The biggest gift is a plan to permanently raise the federal deposit insurance limit to $250,000 from $100,000. Congress temporarily imposed the higher limit in 2008 to keep funds from deserting the banking system, in a change scheduled to expire in 2014.

But even though the rationale for the temporary increase has evaporated, legislators have decided to keep the bigger cap in place for good, in the first permanent change in 30 years.

Community bankers like the higher limit, contending it helps to put them on a level playing field with the too big to fail crowd led by Bank of America , JPMorgan Chase , Citigroup and Wells Fargo .

But many students of the banking industry say permanently raising the limit expands a subsidy that does little for the average depositor, while extending an already stretched taxpayer-funded safety net.

“This is a move in the wrong direction,” said Boston College finance professor Edward Kane. “It helps small banks, but makes taxpayers’ exposure to loss in deposit insurance less transparent.”

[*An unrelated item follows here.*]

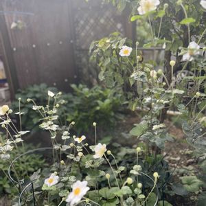 おはようございます☀️ ①昨日のしとしと雨の中、秋明菊が咲きはじめました。 ②大好きなソフォラがあやしい🤨枯れそう‼️何年も同じ鉢だから、土を入れ替えました。枯れないでー🙏

If a higher deposit insurance limit isn’t exactly sublime, another detail of the latest “reform” borders on ridiculous. Congress appears ready to adopt an amendment backed with bipartisan gusto by California Reps. David Dreier (right) and Jane Harman that would retroactively apply the higher insurance rate to depositors of IndyMac, the absurdly unsound California thrift that collapsed in July 2008, and a handful of other failed banks.

The move would restore $170 million of losses suffered by big depositors of the failed thrift, supposedly in the name of fairness. The madness isn’t Congress’ alone: FDIC, it should be noted, backs the provision.

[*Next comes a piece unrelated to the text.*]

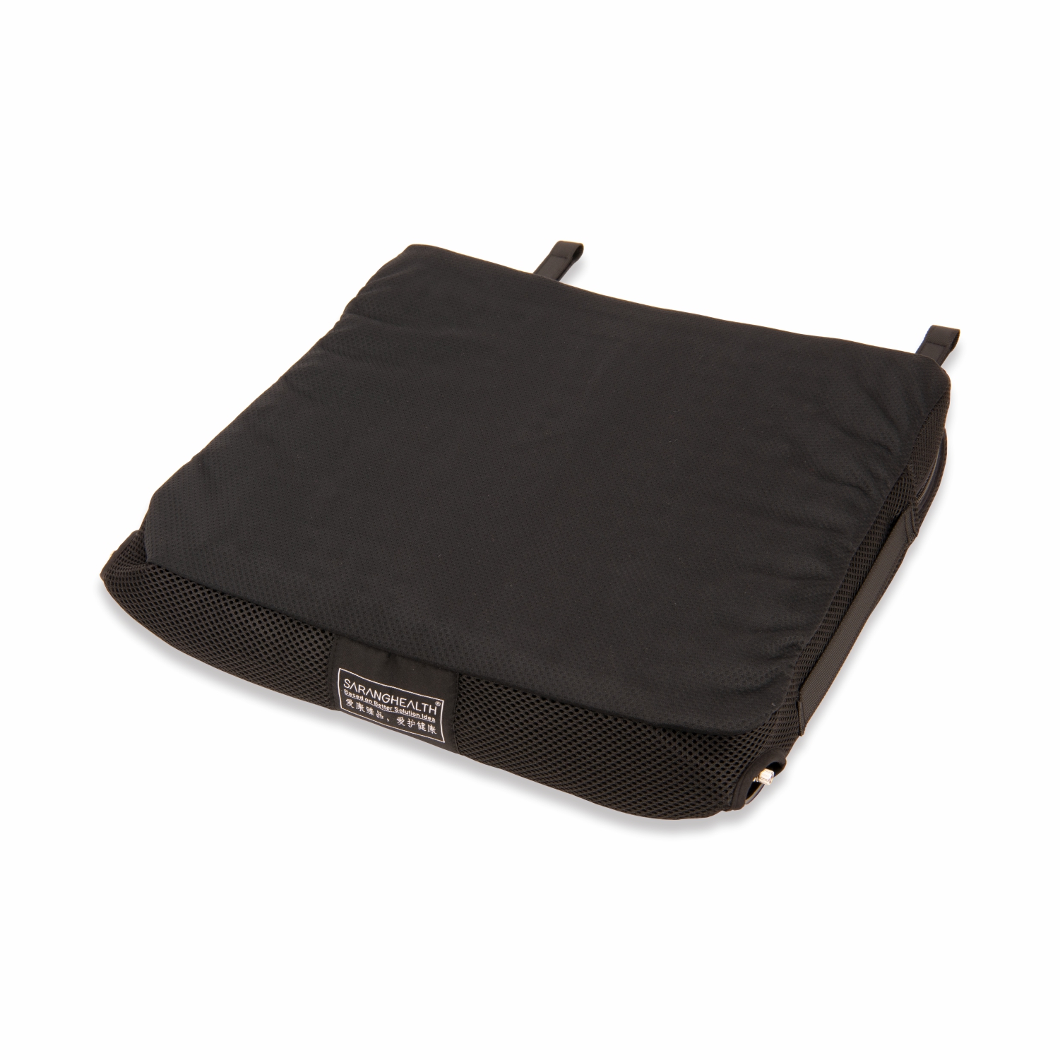充氣坐墊采用環(huán)保PVC氣囊,內(nèi)置獨立氣囊,氣囊相互連通,易充氣和調(diào)節(jié),依據(jù)空氣流通卸壓原理,能有效預防壓瘡。左、右獨立氣室的雙氣嘴設置,不同的截癱患者左右臀部肌肉收縮程度的高低不同,可通過左、右氣嘴調(diào)節(jié)左、右獨立氣室內(nèi)的空氣量,使截癱患者得到最佳的舒適度及減壓平衡效果。坐墊套面層采用透氣滌綸面料,底部PVC防滑革,拉鏈設置易于清洗。多種尺寸、高度,適合不同輪椅使用者的需求。

“It has been the FDIC’s longstanding position that deposit insurance limits are a question for Congress to decide,” an FDIC spokesman said. “That being said, the Dreier-Harman bill would provide a more even treatment of uninsured depositors since the onset of the crisis by making the $250,000 limit increase retroactive to the beginning of 2008.”

Why a more even treatment of depositors is desirable two years later is left unsaid. The point of deposit insurance is to reassure small depositors that they won’t lose their savings to an unsavory operator or a panic.

But the IndyMac panic proceeded anyway after Sen. Charles Schumer two summers ago asked regulators why they weren’t doing anything to rein the reckless bank in. When the cave-in came, $18 billion of small deposits, those below $100,000, were immediately made whole.

Dreier, a Republican, argues that the losses suffered by those who made large deposits at IndyMac “were no less difficult and no less tragic than those that occurred later that same year.” Why that warrants retroactive insurance is not clear, however, particularly in a case that has already cost the insurance fund almost $11 billion.

“I’m not sure what the policy imperative was,” said Hal Reichwald, a partner at law firm Manatt Phelps & Phillips. “Maybe it was because the private equity guys made out like bandits buying the remains of IndyMac and they felt they had to even the score.”

Or maybe it is just that Congress can’t say no to any proposal that entails spending other people’s money.